▶

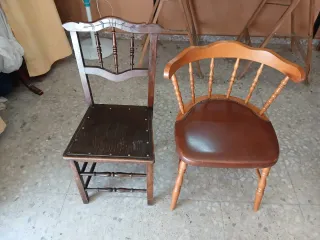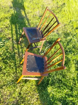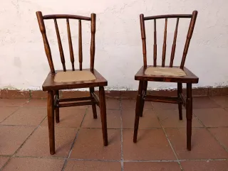 Conjunto de dos sillas antiguas de madera que han sido restauradas. Perfectas para dar un toque clásico a tu hogar. - Estructura de madera robusta. - Diseño tradicional con respaldo de varillas. - Asientos restaurados. 20 euros las 2 sillas No hago envíos. Solo en León, España
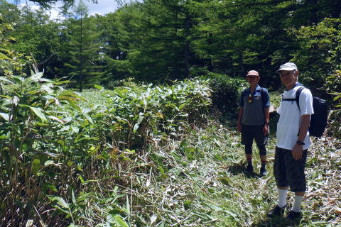 | 草津温泉の酒宴と芳ノ平散策・・上信越高原.国境南部Top 2023年07月15〜17日 m.見城.竹永.松村・・日帰り往復を含む. 竹永先輩は広島から参加.東京から共に往復している。が? 7月15日.jr上野12:00」jr上野.竹永集合.12:14=11:35高崎14:37=14:46新前橋:49=14:58八木原=スパックス草津 7月16日.湿原自然歩道登山口から何時もの同じ芳ケ平コースをピストン・・硫黄畑→金比羅神社参道の裏→スパックス草津 7月17日.jr八木原¥330. 11:14=11:35高崎.「はくたか558号」=12:30上野=御徒町.高崎より乗車券は普通¥2310.新幹線¥2300 芳ノ平へ 芳ケ平湿原自然歩道.10:14 右並びは草津温泉ゴルフ場.10:24右手が谷沢原 蟻の塔渡り・・右手は入道沢・常布ノ滝への廃道.分岐.10:51 10:51黄色いトンボ 今年の芳ノ平では春蝉が賑やかだったと云うも今は0。変わって避暑に訪れた黄色いトンボが尾根筋を途切れることなく舞っていた。 蟻の塔渡り辺りから延々と芳ノ平ヒュッテまで.驚くことに1時間半以上の長い間.トンボは群団を作り.凄い密度で私達の歩く先々をも. 私達の体に絡みつくよう舞う。それほどの大群に出会っていた。何故? 層が厚いのだろうか。 赤トンボは和名では「○○アカネ」と呼ばれる赤トンボ25種類。アキアカネは1年に1回発生して卵で冬を越し.平地の水田や湖沼で羽化し. 育った幼虫(ヤゴ)は梅雨期に成虫になると高原地帯に移動して夏を過ごす。秋になると山から再び平地に産卵のために戻ってくる。 この時期まではまだ性的には未熟でオレンジ色をしているが.成熟するに従い赤トンボに変身する。 又最近のトンボの減少は農薬で処理した苗の中にあるとか? 大きな群団としては2018年8月の北ア・乗鞍岳東面の雪田. 10年?の八ケ岳赤岳沢の河原と08年8月の飯豊山の頂に群がっるトンボには特に印象に残されている。 深く満る背丈の高い笹の遊歩道 . 草刈りしたばかりの遊歩道.11:20 弁天様.11:21 毒沢川に架かる木橋11:24一本松・・利根川水系吾妻川白砂川の支流.湯川大沢川の支流.毒沢川。 毒沢川は硫黄分多い・・大滝―左岸道―常布ノ滝―香草温泉(野湯)―谷沢川第二砂防ダム 横笹の分岐 1625m・・右下は大平湿原へ.11:41一昨年は芳ケ平から大沢川左岸道を下り.大平湿原からこの分岐に戻る積りでいた。ただ幕営地の周遊道と間違い.再び芳ケ平に戻っていた。 今回は見城さんが下見をし.下山時に選ぶ積りでいた。それが当時は藪絡み多く止めた方が良いとのこと。ただ今回は道標も分かり易くなり. 花敷方面の分岐口からは尾根筋と同様に草が刈払われていた。2度尋ねるも.諦め.今回も同じコースを下っている。 右景.12:05 左景 アップ・・広い高原の長笹川・大沢川流域 全景.12:27白根山北東肩の2138m点峰 草津白根山からの山道を合わせ茅ケ平ヒュッテへ.2:45湿原の池塘と夏雲 芳ケ平ヒュッテ先の芳ケ平の湿原1832m.12:57芳ケ平湿原は中之条町と草津町に広がる湿原で.2015年(平成15年」にラクサール条約.湿原登録簿に登録される。 芳ケ平キャンプ場(野営場)で竹永・見城両先輩.13:16昼食・・即席ラーメンに生卵のみを落す 幕営場脇にかたまるニッコウキスゲ 再び遊歩道を下る.13:36下る前方は草津温泉。登りにはそれほど気にならなかったアザミの葉が.下りでは葉の切れ込みがズホンの上からでも刺さり.チクチクさせていた。 下りは同じ自然歩道だがアザミの茂み痛かった.14:27帰路は谷沢原沿いの左側の町営草津温泉ゴルフ場に一度回り込んでいる。ゴルフボール. 戻ってきた芳ケ平湿原自然歩道登山口.15:46左側の谷沢川を隔てた天狗山スキー場には国道292号線が通り草津温泉へ。 右に折れれば長笹林道から上信越自然歩道へ。先は荒廃した赤点線から花敷温泉に至る。国道405号線から野反湖.地蔵峠にでられる。 下山後は「とん香」で反省会・湯畑―西の河原通り―しゃくねげ通り―金毘羅神社.(一人登りの参道には先週と同じハルジオンが咲く)―スパック草津. 芳ノ平ピストン概念図 右端でP地方道の黄色道は茅ノ平の取付きで.先は長笹林道に繋がる。赤線の国道は天狗山スキー場から志賀高原に抜ける。 7月17日.jr御徒町6:34=上野6:40=8:31高崎.吾妻線4両.大前行.:53=新前橋:53=9:14八木原 八木原.上越線4両.9:42=10:01高崎.「あさま612号」.10:20=11:05上野=11:18御徒町・携帯を紛失し回収に出向く。 7月21日.今年初めてミンミン蝉の鳴き声を聴く・・東大〜合同庁舎間。28日は小島町公園. 7月22日.東北北部.南部と関東甲信地方は梅雨明け。梅雨前線の南下に伴い太平洋高気圧とチベット高気圧がダブルになり.連日35℃を超す猛暑日。 |
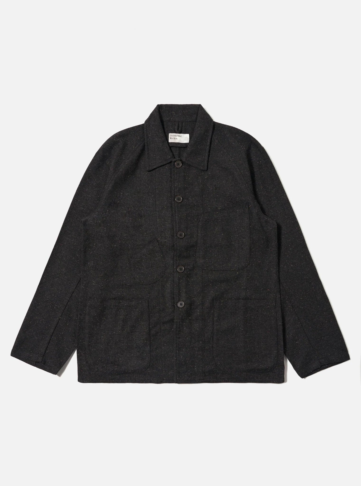 Pensée pour affronter l’hiver avec élégance rustique, cette veste chore se distingue par sa coupe relaxed et ses manches raglan, qui apportent une épaule naturellement souple. Son tissu tweed Salt & Pepper, riche en texture, lui donne un caractère authentique et une présence visuelle forte. Avec ses quatre poches plaquées, dont une poche ticket décalée, elle allie parfaitement style utilitaire et raffinement.
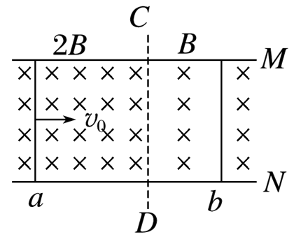 如图,足够长的平行光滑金属导轨 $M 、 N$ 固定在水平桌面上,导轨间距离为 $L$ ,垂直导轨平面有坚直向下的匀强磁场,以 $C D$ 为分界线,左边磁感应强度大小为 $2 B$ ,右边为 $B$ ,两导体棒 $a 、 b$ 垂直导轨静止放置,$a$ 棒距 $C D$ 足够远,已知 $a$ 、 $b$ 棒质量均为 $m$ 、长度均为 $L$ 、电阻均为 $r$ ,棒与导轨始终接触良好,导轨电阻不计,现使 $a$ 获得一瞬时水平速度 $v_0$ ,在两棒运动至稳定的过程中 $(a$棒还没到 $C D$ 分界线),下列说法正确的是
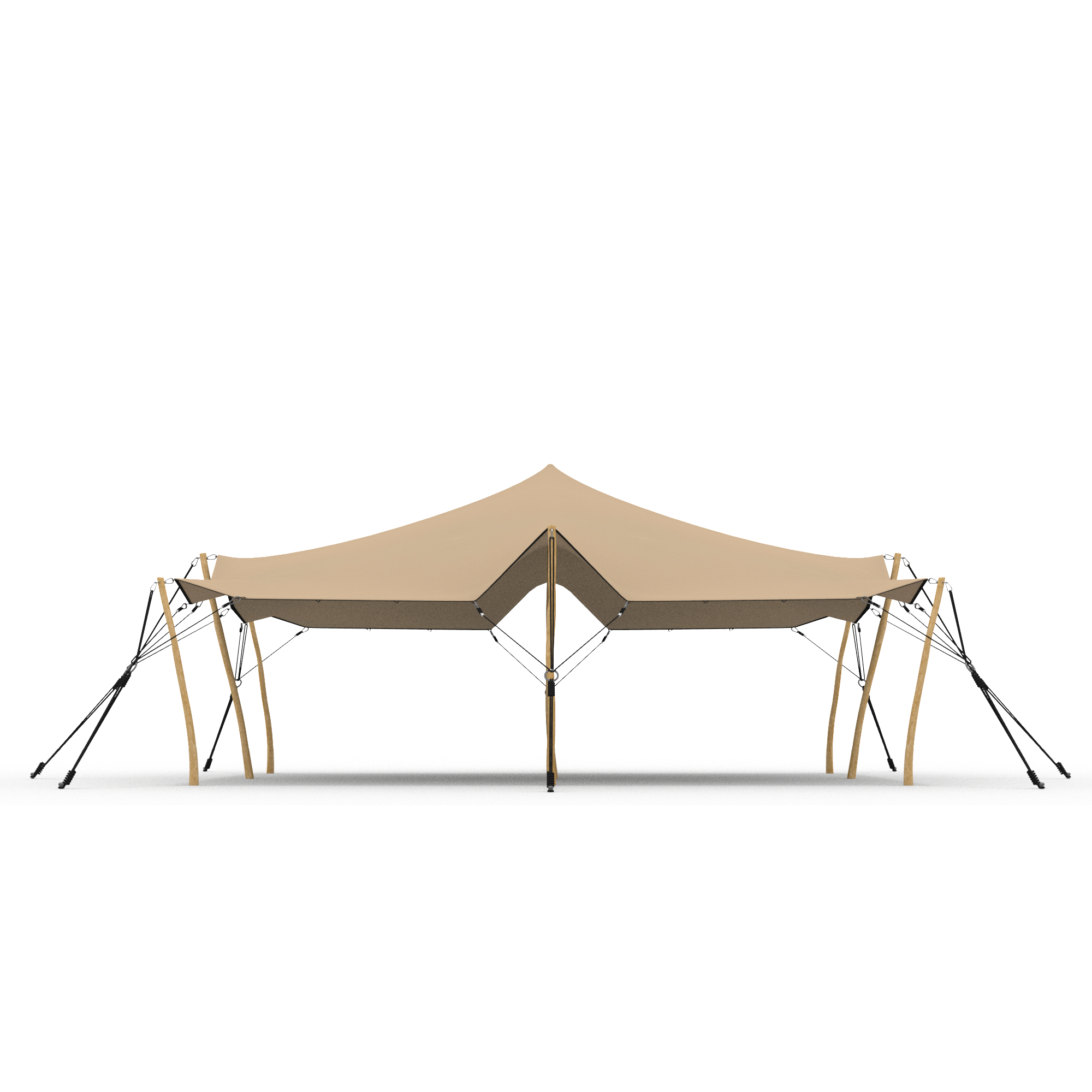 De geschiedenis van de voorloper van de stretchtenten dateert al van eeuwen geleden uit de Afrikaanse woestijnen. Het originele design was bedoeld om de extreme omstandigheden in deze woestijnen te kunnen doorstaan. Deze bedoeïenentent is de inspiratiebron geweest van de huidige stretchtenten, met zandkleurige modulaire zeilen en robuuste houten palen.

◀

What you need to do: Line by line, reproduce the material above exactly, leaving each picture out.

Solution to this exercise:
 Conjunto de dos sillas antiguas de madera que han sido restauradas. Perfectas para dar un toque clásico a tu hogar. - Estructura de madera robusta. - Diseño tradicional con respaldo de varillas. - Asientos restaurados. 20 euros las 2 sillas No hago envíos. Solo en León, España
 | 草津温泉の酒宴と芳ノ平散策・・上信越高原.国境南部Top 2023年07月15〜17日 m.見城.竹永.松村・・日帰り往復を含む. 竹永先輩は広島から参加.東京から共に往復している。が? 7月15日.jr上野12:00」jr上野.竹永集合.12:14=11:35高崎14:37=14:46新前橋:49=14:58八木原=スパックス草津 7月16日.湿原自然歩道登山口から何時もの同じ芳ケ平コースをピストン・・硫黄畑→金比羅神社参道の裏→スパックス草津 7月17日.jr八木原¥330. 11:14=11:35高崎.「はくたか558号」=12:30上野=御徒町.高崎より乗車券は普通¥2310.新幹線¥2300 芳ノ平へ 芳ケ平湿原自然歩道.10:14 右並びは草津温泉ゴルフ場.10:24右手が谷沢原 蟻の塔渡り・・右手は入道沢・常布ノ滝への廃道.分岐.10:51 10:51黄色いトンボ 今年の芳ノ平では春蝉が賑やかだったと云うも今は0。変わって避暑に訪れた黄色いトンボが尾根筋を途切れることなく舞っていた。 蟻の塔渡り辺りから延々と芳ノ平ヒュッテまで.驚くことに1時間半以上の長い間.トンボは群団を作り.凄い密度で私達の歩く先々をも. 私達の体に絡みつくよう舞う。それほどの大群に出会っていた。何故? 層が厚いのだろうか。 赤トンボは和名では「○○アカネ」と呼ばれる赤トンボ25種類。アキアカネは1年に1回発生して卵で冬を越し.平地の水田や湖沼で羽化し. 育った幼虫(ヤゴ)は梅雨期に成虫になると高原地帯に移動して夏を過ごす。秋になると山から再び平地に産卵のために戻ってくる。 この時期まではまだ性的には未熟でオレンジ色をしているが.成熟するに従い赤トンボに変身する。 又最近のトンボの減少は農薬で処理した苗の中にあるとか? 大きな群団としては2018年8月の北ア・乗鞍岳東面の雪田. 10年?の八ケ岳赤岳沢の河原と08年8月の飯豊山の頂に群がっるトンボには特に印象に残されている。 深く満る背丈の高い笹の遊歩道 . 草刈りしたばかりの遊歩道.11:20 弁天様.11:21 毒沢川に架かる木橋11:24一本松・・利根川水系吾妻川白砂川の支流.湯川大沢川の支流.毒沢川。 毒沢川は硫黄分多い・・大滝―左岸道―常布ノ滝―香草温泉(野湯)―谷沢川第二砂防ダム 横笹の分岐 1625m・・右下は大平湿原へ.11:41一昨年は芳ケ平から大沢川左岸道を下り.大平湿原からこの分岐に戻る積りでいた。ただ幕営地の周遊道と間違い.再び芳ケ平に戻っていた。 今回は見城さんが下見をし.下山時に選ぶ積りでいた。それが当時は藪絡み多く止めた方が良いとのこと。ただ今回は道標も分かり易くなり. 花敷方面の分岐口からは尾根筋と同様に草が刈払われていた。2度尋ねるも.諦め.今回も同じコースを下っている。 右景.12:05 左景 アップ・・広い高原の長笹川・大沢川流域 全景.12:27白根山北東肩の2138m点峰 草津白根山からの山道を合わせ茅ケ平ヒュッテへ.2:45湿原の池塘と夏雲 芳ケ平ヒュッテ先の芳ケ平の湿原1832m.12:57芳ケ平湿原は中之条町と草津町に広がる湿原で.2015年(平成15年」にラクサール条約.湿原登録簿に登録される。 芳ケ平キャンプ場(野営場)で竹永・見城両先輩.13:16昼食・・即席ラーメンに生卵のみを落す 幕営場脇にかたまるニッコウキスゲ 再び遊歩道を下る.13:36下る前方は草津温泉。登りにはそれほど気にならなかったアザミの葉が.下りでは葉の切れ込みがズホンの上からでも刺さり.チクチクさせていた。 下りは同じ自然歩道だがアザミの茂み痛かった.14:27帰路は谷沢原沿いの左側の町営草津温泉ゴルフ場に一度回り込んでいる。ゴルフボール. 戻ってきた芳ケ平湿原自然歩道登山口.15:46左側の谷沢川を隔てた天狗山スキー場には国道292号線が通り草津温泉へ。 右に折れれば長笹林道から上信越自然歩道へ。先は荒廃した赤点線から花敷温泉に至る。国道405号線から野反湖.地蔵峠にでられる。 下山後は「とん香」で反省会・湯畑―西の河原通り―しゃくねげ通り―金毘羅神社.(一人登りの参道には先週と同じハルジオンが咲く)―スパック草津. 芳ノ平ピストン概念図 右端でP地方道の黄色道は茅ノ平の取付きで.先は長笹林道に繋がる。赤線の国道は天狗山スキー場から志賀高原に抜ける。 7月17日.jr御徒町6:34=上野6:40=8:31高崎.吾妻線4両.大前行.:53=新前橋:53=9:14八木原 八木原.上越線4両.9:42=10:01高崎.「あさま612号」.10:20=11:05上野=11:18御徒町・携帯を紛失し回収に出向く。 7月21日.今年初めてミンミン蝉の鳴き声を聴く・・東大〜合同庁舎間。28日は小島町公園. 7月22日.東北北部.南部と関東甲信地方は梅雨明け。梅雨前線の南下に伴い太平洋高気圧とチベット高気圧がダブルになり.連日35℃を超す猛暑日。 |
 Pensée pour affronter l’hiver avec élégance rustique, cette veste chore se distingue par sa coupe relaxed et ses manches raglan, qui apportent une épaule naturellement souple. Son tissu tweed Salt & Pepper, riche en texture, lui donne un caractère authentique et une présence visuelle forte. Avec ses quatre poches plaquées, dont une poche ticket décalée, elle allie parfaitement style utilitaire et raffinement.
 如图,足够长的平行光滑金属导轨 $M 、 N$ 固定在水平桌面上,导轨间距离为 $L$ ,垂直导轨平面有坚直向下的匀强磁场,以 $C D$ 为分界线,左边磁感应强度大小为 $2 B$ ,右边为 $B$ ,两导体棒 $a 、 b$ 垂直导轨静止放置,$a$ 棒距 $C D$ 足够远,已知 $a$ 、 $b$ 棒质量均为 $m$ 、长度均为 $L$ 、电阻均为 $r$ ,棒与导轨始终接触良好,导轨电阻不计,现使 $a$ 获得一瞬时水平速度 $v_0$ ,在两棒运动至稳定的过程中 $(a$棒还没到 $C D$ 分界线),下列说法正确的是
 De geschiedenis van de voorloper van de stretchtenten dateert al van eeuwen geleden uit de Afrikaanse woestijnen. Het originele design was bedoeld om de extreme omstandigheden in deze woestijnen te kunnen doorstaan. Deze bedoeïenentent is de inspiratiebron geweest van de huidige stretchtenten, met zandkleurige modulaire zeilen en robuuste houten palen.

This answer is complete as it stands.